MANILA – The United Nations Children’s Fund (UNICEF) has offered strategies to tackle poverty and learning losses as millions of Filipino students return to school on Monday, the start of a new school year which will push for the return of in-person classes at full capacity.
“As we welcome children back to the classrooms today, let us remember that this is the first of many steps on our journey of restoring learning,” said Oyunsaikhan Dendevnorov, representative of the UNICEF in the Philippines, in a press release.
The UN agency urged education actors in the Philippines to adopt the RAPID Learning Recovery Framework, which includes the following strategies:
- Reaching every child and keeping them in school
- Assess learning levels
- Prioritize teaching the fundamentals
- Increase catch-up learning and progress beyond what has been lost
- Develop psychosocial health and well-being so that every child is ready to learn
The first strategy, “Reaching Every Child,” refers to the safe reopening of schools, which can be encouraged by launching back-to-school campaigns and providing cash transfers to poor families, according to UNICEF.
Under “Assess levels of learning”, stakeholders are encouraged to assess learning losses – or the loss of knowledge and skills that students experience when they are out of school – at national and sub-national levels. It also involves providing tools to teachers that will facilitate assessment.
In “Prioritizing Teaching Foundations,” stakeholders must adjust the curriculum, prioritizing numeracy, literacy and social-emotional skills, UNICEF said.
UNICEF added that educators must “focus teaching on closing the gaps between desired and actual student learning in specific subject areas.”

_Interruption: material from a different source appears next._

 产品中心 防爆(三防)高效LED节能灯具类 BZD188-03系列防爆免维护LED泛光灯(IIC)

Under “Increase Remedial Learning,” practitioners should use a variety of approaches in delivering learning, such as targeted instruction, tutoring, and self-guided learning.
UNICEF said instruction time should be extended while learning with technology should be improved.

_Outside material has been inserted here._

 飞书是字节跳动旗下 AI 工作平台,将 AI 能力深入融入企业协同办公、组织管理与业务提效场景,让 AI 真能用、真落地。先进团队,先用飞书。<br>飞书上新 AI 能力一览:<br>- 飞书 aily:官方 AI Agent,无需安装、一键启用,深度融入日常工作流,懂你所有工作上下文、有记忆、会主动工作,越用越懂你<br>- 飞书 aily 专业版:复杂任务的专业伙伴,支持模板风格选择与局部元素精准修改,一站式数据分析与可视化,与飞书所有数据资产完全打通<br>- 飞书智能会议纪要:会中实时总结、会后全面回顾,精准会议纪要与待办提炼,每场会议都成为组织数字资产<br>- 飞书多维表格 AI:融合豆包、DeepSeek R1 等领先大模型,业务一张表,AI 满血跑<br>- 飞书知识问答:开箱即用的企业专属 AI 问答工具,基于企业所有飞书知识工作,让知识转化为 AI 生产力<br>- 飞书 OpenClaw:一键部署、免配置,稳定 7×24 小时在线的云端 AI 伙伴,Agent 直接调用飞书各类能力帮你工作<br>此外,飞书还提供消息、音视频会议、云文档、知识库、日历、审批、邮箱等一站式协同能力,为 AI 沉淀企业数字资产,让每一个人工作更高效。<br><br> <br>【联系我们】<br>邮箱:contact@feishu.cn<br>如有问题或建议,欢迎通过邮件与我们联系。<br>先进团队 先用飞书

Stakeholders should also continuously support teachers by developing “practical pedagogical and digital skills”, the UN agency added.
In the last strategy, “Developing psychosocial health and well-being”, teachers must be trained to support the well-being of their students and identify their needs for “special services”.
Stakeholders must also support the well-being and resilience of teachers, and invest in student safety, nutrition and access to water and hygiene facilities, UNICEF said.
The DepEd Plan
At a press conference on August 10, Department of Education spokesman Michael Poa said the agency’s plan to tackle learning loss is anchored on four aspects within the framework of the Basic Education Development Plan 2030: access, equity, quality and resilience.
“What is included in access is also the infrastructure that provides access to education such as classrooms and facilities,” Poa explained.
Equity, on the other hand, means providing schools with adequate funding.
Quality refers to improved learning materials and teacher development, while resilience refers to DepEd’s responses to calamities, Poa said.
According to a recent World Bank report, the learning poverty rate in the Philippines has reached 91%, which means that 9 out of 10 Filipino children still struggle to read simple texts at the age of 10.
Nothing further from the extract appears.